A house burns to the ground while the family who live in it stand outside and watch. All bar two, that is: the absentees are the father, who is away at work, and the youngest daughter Izzy. Everyone knows it was Izzy who burned the house down, because that’s just like her: ever a wild child, impossible to control, Izzy has been the family’s unpredictable rebel practically since the day she was born.
There’s more to the story than just Izzy and her rebellious nature, though. In Little Fires Everywhere, Celeste Ng weaves together the stories of several different families, exploring important themes such as what it means to be part of a collective, and whether biological ties win out over chosen ones. Towards the end of the book we are also led to explore sociocultural dilemmas alongside important questions of race and belonging.
The characterisation in the book is excellent. While it took me a few pages to settle into the writing style, I was quickly hooked by the descriptions of the protagonists, and Ng masterfully shows her characters’ motivations and feelings throughout the book.
I felt a kinship with Mia Warren and her daughter Pearl, who have spent all of Pearl’s life moving from place to place, sometimes sleeping in a car, never having a space to properly call their own. When they start renting an apartment from Izzy’s mother Elena, Mia promises Pearl that this is it: this is where they’ll stay. Pearl befriends Izzy’s family, in particular her brother Moody, and gradually begins to feel like part of a collective. But of course life can’t be that simple, and as the story moves on things begin to unravel.

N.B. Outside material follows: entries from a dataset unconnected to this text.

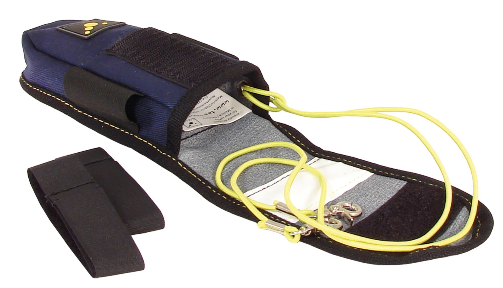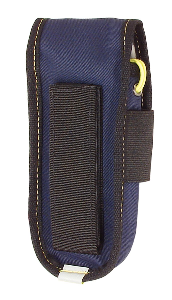 MICRO Holstertasche. Schlanke Form zur Aufnahme einer Rettungsschere und/oder einer Rettungsschlinge, 2 Halteschnüre 40 cm mit Karabinerhaken sichern die Bestückung, 2 außenliegende Schlaufen für Holzkeile, Holster mit Klettschlaufen-System zur Befestigung am Schulter- oder Hüftgurt des Atemschutzgerätes oder am KOMBI-Leinenbeutel Art.700793, Beschriftungsfeld auf Deckelinnenseite, dunkelblau, Gewicht 80 g, Maße HxBxT 190x90x30 mm (Bestückung nicht im Lieferumfang enthalten), Material: 370G TEC Fire Retardant
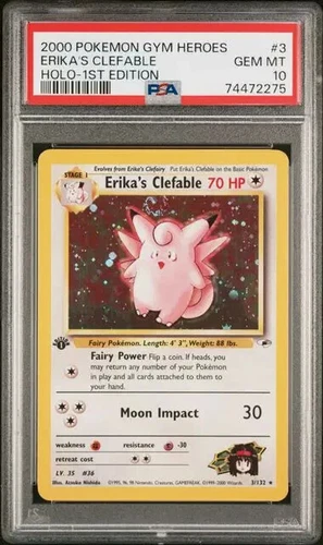 PSA 10- 2000 Pokemon Gym Heroes 1st Edition Holo 3/132 Erika's Clefable
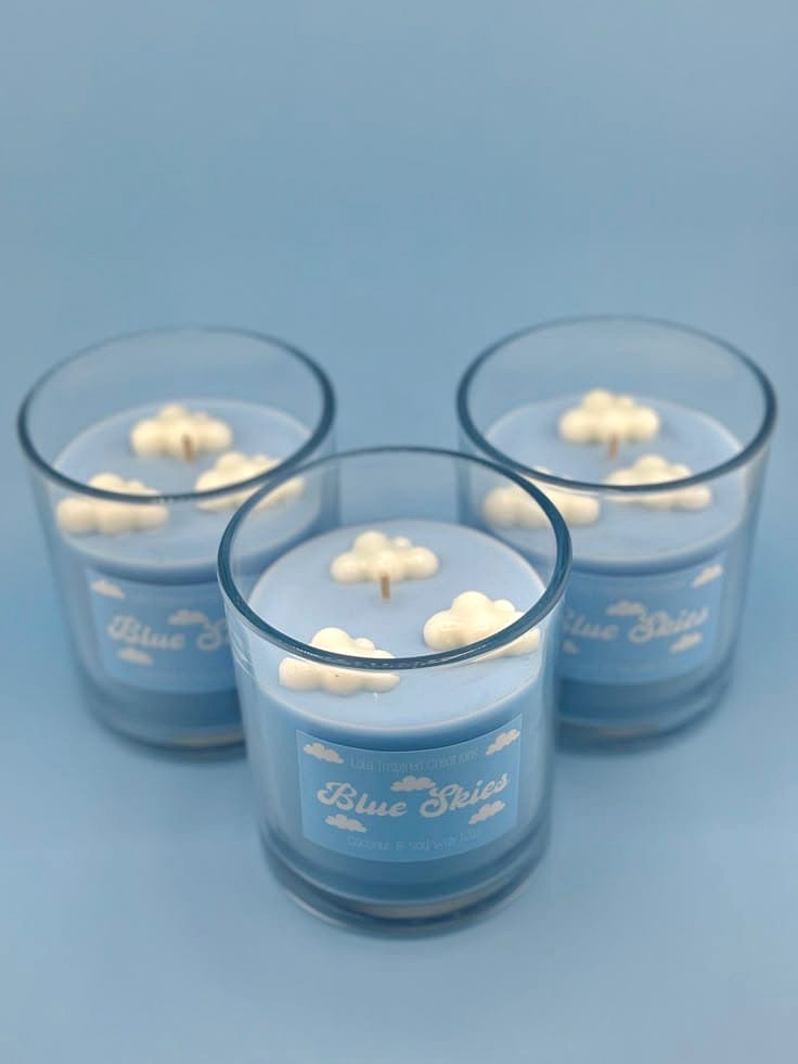 Clean blue wax with delicate cloud accents. Fresh, calming and perfect for modern interiors.
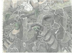 HALL: I get a kick out of that, yeah. A lot of people seem to like it. I guess it’s different. Nobody does this anymore, this type of drawing. I guess Gustave Doré did it, but that was a hundred years ago. Most people are into something different. But it’s in my genetics. My grandfather’s brother (Percy Hall) was an engraver. He did the first Aunt Jemima on the package. (My family) are all from the UK. They were in Virginia…one of the first families in Virginia. Long time ago. Lord Byron is related. That’s why mother has the ability to write poetry. I just happened to know all along, (that I wanted to make art). Everybody was into it, so I said, “Ok, I’ll do it too, then.” But you don’t always have the time to do this kind of work. But I’m used to it.
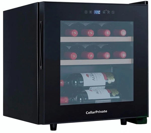 Винный шкаф монотемпературный Cellar Private CP017 используется для охлаждения 14 бутылок вина, которые размещаются за дверцей из затемненного стекла.
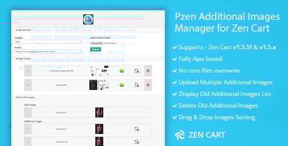 Pzen – Additional Product Images Manager is a powerful extension for Zen Cart that allows store owners to easily manage, display, and organize multiple product images with full control. It enhances the default Zen Cart image system by adding advanced gallery features, better product visualization, and an improved shopping experience.

As I write this review I’m struck by the number of subplots in the book, which Ng somehow manages to slot in without it seeming at all unnatural. Throughout the novel you’ll meet loads of different characters, and you’ll almost certainly relate to at least one of them. Little Fires Everywhere explores the bounty of human experience through the eyes of a group of people whose lives intertwine in ways few of them could have anticipated.
Definitely recommended; I’ll be keeping an eye out for more books by Celeste Ng.
Little Fires Everywhere is published by Little, Brown and is available to buy in hardback from the 9th of November, priced £16.99
I received a free copy of an advance proof from the publisher in exchange for a review. In reality it’s difficult to tell if this affected my view of it because arguably we’re all affected by every experience we have, but suffice it to say I’ve trashed review copies I haven’t liked in the past, so I doubt it makes enough of a difference to skew my viewpoint on it.